От одной только мысли, что мы можем уехать и я больше никогда не увижу Славика, мне стало нехорошо. Поэтому я твердо пообещала маме молчать. В ответ мама потрепала меня по макушке и поцеловала в лоб. Перед сном я выпила молоко и крепко уснула.

Утром я проснулась от непонятного хруста. Этот звук напомнил мне шорох фантиков от шоколадных конфет. Я поспешила открыть глаза, но сделать это утром не так-то и легко. За окном уже было светло, и тонкие нити зари пробивались сквозь оконное стекло. В такие минуты мне казалось, что солнце закинуло в мою комнату одну из своих золотых прядей, которые были прямые и тонкие, как стрелки. Мне нередко хотелось их причесать частым гребнем. Я отвела взгляд от окна и повернула голову в сторону, где раздавался тот же манящий хруст. На кровати у моих ног сидел папа. Он был одет в белую рубашку, но на этот раз без галстука. Его длинное стройное тело было слегка наклонено вперед. Он уперся локтями в твердые колени, подперев одной рукой голову, а в другой сжимая хрустящий прозрачный сверток. Внутри подарочной обертки я разглядела плюшевого зайца нежно-кремового цвета с алой ленточкой на правом ухе. Я приподнялась на кровати и стала присматриваться к папе. Сегодня не выходной, но папа пришел ко мне так рано, да еще и с подарком. Но не это было необычным. Рядом с папиной головой пульсировала какая-то сизая дымка. Она была едва заметной, но уже живой. Может быть, папа всегда был таким, а я просто не замечала? Меня это стало тревожить, но в эту секунду папа открыл глаза и повернул голову ко мне.

— Доченька, проснулась? — спросила он, одаривая меня любящей улыбкой.

Я бросилась к нему на шею.

— Папуль, почему ты сегодня пришел?

— У тебя сегодня важный день. Я хочу проводить тебя в школу.

— Правда?

— Да.

Я тут же соскочила с кровати и бросилась носиться по комнате.

— Вот моя школьная форма. Мне ее мама купила. А еще я одену вот эти туфельки и вот эти гольфы. А может быть, лучше эти надеть? Мне они больше нравятся, а мама сказала, что эти лучше. Как думаешь?

Папа оживленно смотрел на меня и улыбался. Он кивал головой, иногда морщил нос, как бы выказывая свое сомнение. Папа не особо разбирался в моде, но он все равно принимал вид эксперта в красоте, и мне это приятно.

Мама уже готовила завтрак. Через полчаса я уже сидела умытая, причесанная, нарядная за столом и ела молочную кашу. Мама разливала ароматный чай из пузатого чайника. Обычно мама заваривала розовый чай. Это был наш любимый. Мне особенно нравилось, как маленькие розовые бутончики падали вместе с розовым кипятком в мою крошечную фарфоровую чашку, но сегодня мама заварила чай с жимолостью. Это все потому, что папа завтракал с нами, и мама знала, что это его любимый чай. Мама сегодня выглядела тоже нарядной. Она даже накрасила губы. Мы сели за стол, и мама попросила меня помолиться за еду. Я посмотрела на папу, он с удивлением приподнял бровь и посмотрел на меня. На самом деле папа сегодня в первый раз услышит, как я молюсь за еду, поэтому я немного волновалась. Я закрыла глаза, поднесла сцепленные в замок руки к губам и залепетала:

— Дорогой Бог, спасибо тебе за эту пищу и за всю мою семью. Пусть эта еда пойдет нам на пользу, а тебе во славу. Также я прошу тебя за всех детей, которые голодают, ты дай им пропитание на сегодняшний день. Аминь.

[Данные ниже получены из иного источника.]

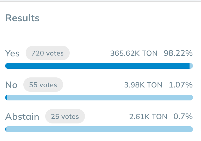 该提案需要得到大多数TON验证者的批准才能生效,启动此功能的全网投票定于6月15日举行,此提案获得高达98.22%的赞成率,最终投票通过。

Я открыла глаза и посмотрела на папино лицо. Оно у него сияло гордостью за дочь.

— Ты стала уже такая взрослая, — сказал он. — Вот уже и в школу идешь. Ты будешь хорошо учиться?

— Да, я буду стараться, — ответила я.

— Может быть, вам что-то еще надо? — спросил он у мамы.

Мама пожала плечами и машинально бросила ему в чашку два куска коричневого сахара. Как только мелкие пузырьки появились на поверхности папиного чая, мама вдруг покраснела.

— Прости, — сказала она. — Неосознанно получилось.

Папа улыбнулся.

— Ничего страшного. Мне приятно. — Потом он перевел взгляд с разрумянившегося лица мамы на меня и снова заговорил: — Эмма, а помнишь, мы говорили о том, чтобы отдать тебя на танцы? Ты еще не передумала?

— Нет, не передумала. Но мама говорит, что у нас в городе нет хороших школ.

— Правда? — папа посмотрел на маму.

— У нас есть только одна танцевальная школа в доме культуры, но там преподавательница очень старая и много курит. Дети там обычно не задерживаются. Она преподает классику и народные танцы. Думаю, скоро вообще эту школу закроют, потому что ей уже надо на пенсию, а другого педагога нет.

— А что ты об этом думаешь? — спросил меня папа.

— Я очень хочу танцевать, — с воодушевлением сказала я.

— Ты помнишь, как мы смотрели балет по телевизору, и ты даже глаз не могла отвести? — напомнил мне папа.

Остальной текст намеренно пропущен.